We can allow a tensor to be a view of an existing tensor. It performs the same operation as reshape. The only difference is that View will not create a copy and will allow us to perform fast and memory efficient computations whereas reshape may or may not share the same memory.
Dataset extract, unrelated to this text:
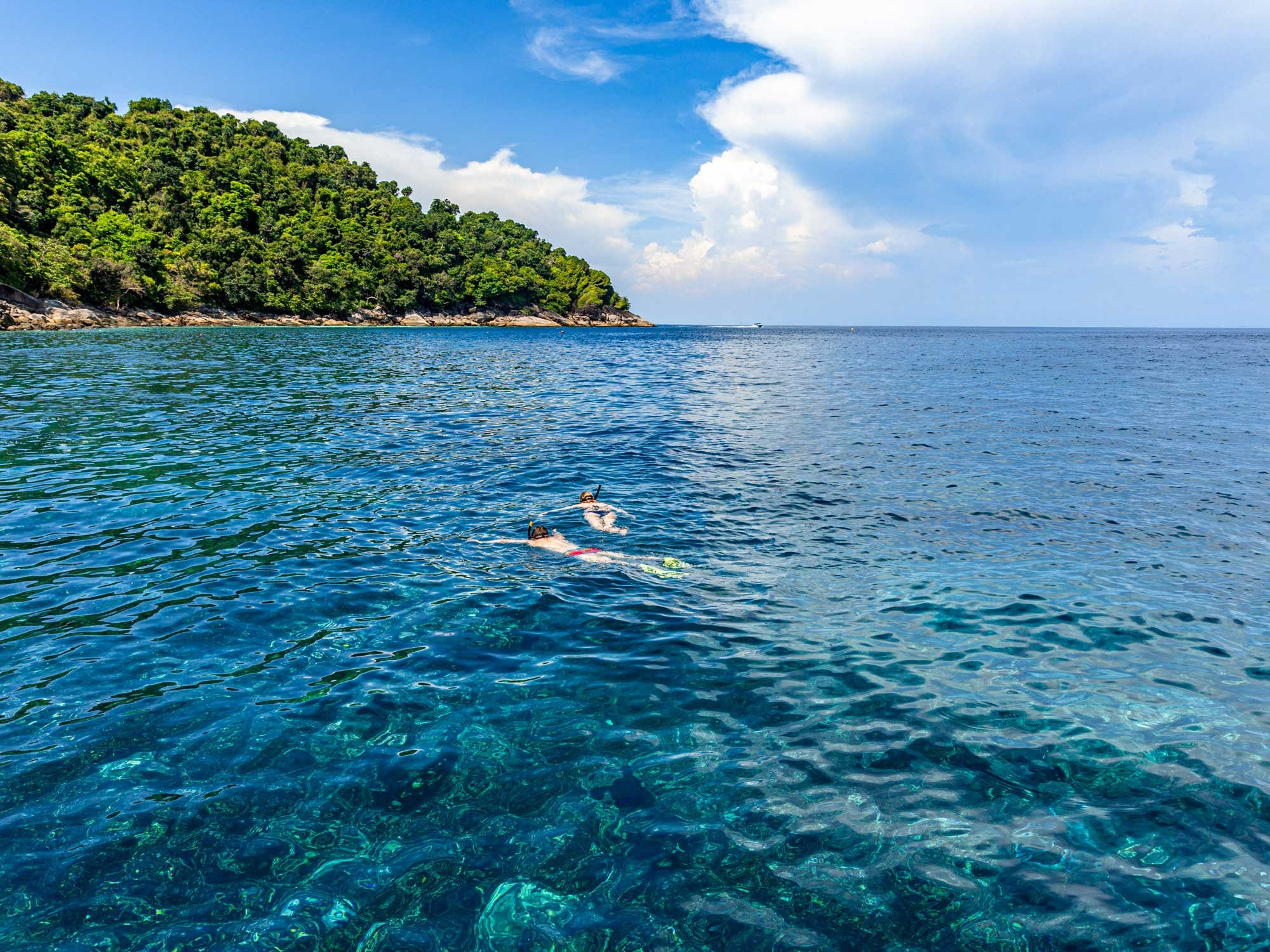 The Surin Islands are truly perfect for snorkeling, swimming and relaxing. Therefore we have three snorkel stops of 45 minutes each. It is enough time to explore the beautiful underwater world. For lunch we are visiting a restaurant of the national park where we will enjoy a delicious Thai buffet. After lunch you will have time to enjoy the beach and lay in the sun.

There's a good discussion of the differences [here](https://stackoverflow.com/questions/49643225/whats-the-difference-between-reshape-and-view-in-pytorch).

Line from above link " *Another difference is that reshape() can operate on both contiguous and non-contiguous tensor while view() can only operate on contiguous tensor* "

[Definition of contiguous](https://stackoverflow.com/questions/26998223/what-is-the-difference-between-contiguous-and-non-contiguous-arrays/26999092#26999092)


In [None]:
# Initializing a tensor with 10 elements from 0 to 9
t = torch.arange(10)
print(t)
# Changing the shape of tensor t from 1x10 to 2x5
t.view(2, 5)

Views can reflect changes from the base tensor.

In [None]:
# Create a view of tensor t
tr = t.view(2, 5)

# Before change in base tensor
print(f'before changing the base tensor\n{tr}')

# Modifying element of base tensor
t[0] = 67

# After change in base tensor
print(f'\nafter changing the base tensor\n {tr}')


In [None]:
# we can use -1 with view as well. 
t = torch.rand((4, 5))
t1 = t.view(2, -1)
print(t1.shape)

In [None]:
# we can also flatten the tensor (convert the tensor to one dimensional tensor) by using view(-1)
# this gives the same result as method flatten()
t2 = t.view(-1)
t3 = t.flatten()
print(t2.shape)
print(t3.shape)

###<font color = 'pickle'> **3) Adding and removing dimensions of size 1**
- Insert a dimension of size 1 at a specific location (location specified by dim) using `torch.unsqueeze(dim)`
- Remove a dimension of size 1 at a specific location (location specified by dim) using `torch.squeeze(dim)`
- Remove all dimensions of size 1 using `torch.squeeze()`
- Insert dimenion of size 1 using `None `keyword
- Remove dimenion of size 1 using `0 `keyword

In [None]:
# Initialize an tensor
t1 = torch.ones(2, 2)
print(t1)
t1.shape

In [None]:
# add dimension of size 1 in the beginning using unsqueeze method and argument dim = 0
t1 = t1.unsqueeze(dim=0)
print(t1)
t1.shape

In [None]:
# add dimesnion of size 1 at the end usin unsqueeze method and dim = 3
t1 = t1.unsqueeze(dim=3)
print(t1)
print(t1.shape)

In [None]:
# We can add new dimesnion at any place
t1 = torch.arange(20).view(2, 2, 5)
print(t1.shape)
t1 = t1.unsqueeze(dim=1)
print(t1.shape)

In [None]:
# we can also use None keyword to add dimension of size 1 at multiple locations
t1 = t1[:, :, :, None, :, None]
print(t1.shape)

In [None]:
# Remove a dimension of size 1 at a specific location using torch.squeeze(dim)
t1 = t1.squeeze(dim=1)
print(t1.shape)

In [None]:
# Remove a dimension of size 1 at a specific location using 0 keyword
t1 = t1[:, :, 0]
print(t1.shape)

In [None]:
# Removing all dimensions of size 1 using torch.squeeze()
t1 = t1.squeeze()
print(t1.shape)

### <font color = 'pickle'>**4) Adopting shape of other tensors**
We can use view_as(input) to adopt shape of other tensors

In [None]:
a = torch.arange(10).view(2, 5)
# create a tensor b filled with ones (10 elements) and has same shape as b
b = torch.ones(10).view_as(a)
print(a.shape)
print(b.shape)

### <font color = 'pickle'>**5) Permute**

Permute function rearranges the original tensor according to the desired ordering and returns a new multidimensional rotated tensor. 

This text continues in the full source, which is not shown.